Simply put, the risk management process is a firm's policy, composed of different steps taken to ensure
proper management of occurring threats. In general, risk management's actions include:
Risk identification: The inspection process and identifying the organization's potential risks
meant to ensure all the threats are recognized.
Risk assessment and evaluation: The analysis is bound to reveal the threat's consequences, the
outcome, the likelihood, and severity. Thus, the analysis examines both the risk factor and the
harm that it is bound to produce.
Risk treatment: The plan of implementing various strategies, activities, and actions to
appropriately deal with the threat and manage it in a possibly profitable way.

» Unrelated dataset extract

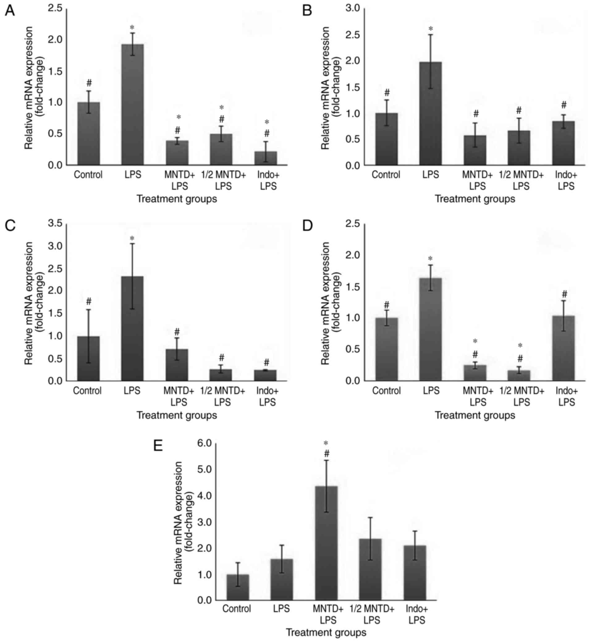 As indicated in Fig. 2D, NF-κB expression was significantly downregulated in the MNTD and ½ MNTD-treated groups compared with the LPS group (84.78 and 89.73%, respectively; P<0.05). Notably, this effect was greater in MNTD and ½ MNTD-treated groups compared with the Indo + LPS group. NF-κB expression did not decrease significantly in the Indo + LPS group compared with the LPS group. This may be due to the fact that NSAIDs such as indomethacin commonly block the downstream processes involved in inflammation, including COX-2 and its subsequent prostanoid production, but may not affect NF-κB expression (47). Previous studies investigating indomethacin have unveiled that its mechanism differs from aspirin, as it was demonstrated that indomethacin-induced COX-2 inhibition did not downregulate upstream NF-κB processes (48,49). The effects of madecassoside on NF-κB expression were previously reported by Su et al (13) and Patil et al (50). These results suggest that the downregulation of NF-κB may be caused by the inhibitory properties of madecassoside on essential complexes within the cascade, including the various subunits of inhibitory κB kinase.

Risk monitoring: The implementation of a continuous control system over the threat after
treating it.
Notably, risk treatment should always go hand in hand with other processes enlisted in the company's
risk management plan to ensure the alignment of the tactics with the firm's policy.
ISO/IEC 2005
More specific information regarding risk management processes, available treatment plans, and correct
responses to possible threats can be found in the risk management standard ISO/IEC 27005.
This set of standards developed by the International Organization for Standardization (ISO) and the
International Electrotechnical Commission (IEC) provides guidelines for ensuring information security
and recommended processes and models concerning risk management. It is also applicable to all kinds
of businesses that wish to develop concrete strategies and gain knowledge on risk management.
CONCLUSION
Risks are an inherent part of any business, and each company is bound to face them multiple times at
every stage of its development. That's why adequate risk management policies need to be
implemented while planning the overall management plan.
To ensure fast and adequate action in the face of a threat, it's crucial to regularly do a thorough analysis
of the risk strategy and keep improving the risk management plan, including risk identification, risk
assessment, risk treatment, and risk monitoring. Preferably, the appropriate treatment plan should be
created, whose implementation could ensure each treatment activity responds to specific risk types.
When choosing the adequate risk treatment, it's important to remember to review the company's
available resources and ensure the project's alignment with good policies as defined by ISO. Only a
thorough understanding and correct implementation of all those factors will provide correct risk
responses and, consequently, constitute the firm's success.